Bytes for easy storage and transport network, and the character display for easy reading. For example, the character "p" is stored in the hard disk is a series of binary data 01110000, one byte length.
Encoding and decoding
time we use a text editor to open, see a character, and ultimately stored on disk are kept up in a binary sequence of bytes. Then the character-to-byte conversion process is called encoding (encode), in turn, is called decoding (decode), it is both a reversible process. Coding for storing transmission, decoding is performed in order to facilitate reading the display.

For example, the character "p" to the hard disk after encoding process is a string of binary sequence 01110000 bytes, one byte length. Character "Zen" is likely "11100111 1,010,011,010,000,101" occupy the length of 3 bytes of storage, why is it possible? This bit later say.

Python coding why so boring? Of course, this can not blame the developers.

This is because Python2 use ASCII character encoding as the default encoding, and ASCII can not handle Chinese.

Why not UTf8 it?

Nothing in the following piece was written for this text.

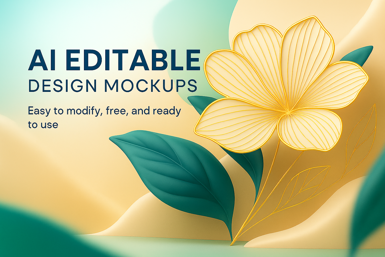 This image showcases AI editable design mockups featuring a stylized flower and leaves, highlighting their ease of modification and readiness for use.
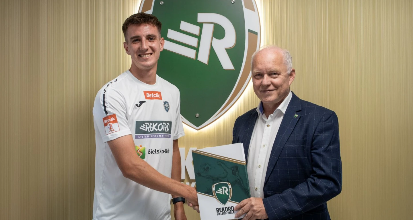 Roczną umową z bielskim drugoligowcem związał się Wojciech Łaski, na zdjęciu z prezesem klubu – Januszem Szymura. 25-latek jest wychowankiem MOSiR-u Jastrzębie, w przeszłości reprezentował: Płomień Połomia, Pniówek ’74 Pawłowice oraz GKS Jastrzębie-Zdrój, z którego w 2022 roku trafił na dwa lata do Jagiellonii Białystok, rozgrywając w tym czasie 21 spotkań na poziomie ekstraklasy i zdobywając dwa gole. W. Łaski sięgnął z Dumą Podlasia po mistrzostwo kraju, w rozgrywkach 2023/24.

Because Python Guido father to write the first line of code is in the winter of 1989, in February 1991 officially released the first open source version, and Unicode was released in October 1991, that is to say the creation of the language Python when UTF8 yet born, this is one.

This is why, Python mess two kinds of the type string, unicode and str, so that developers are uploaded here somersault, which is the other.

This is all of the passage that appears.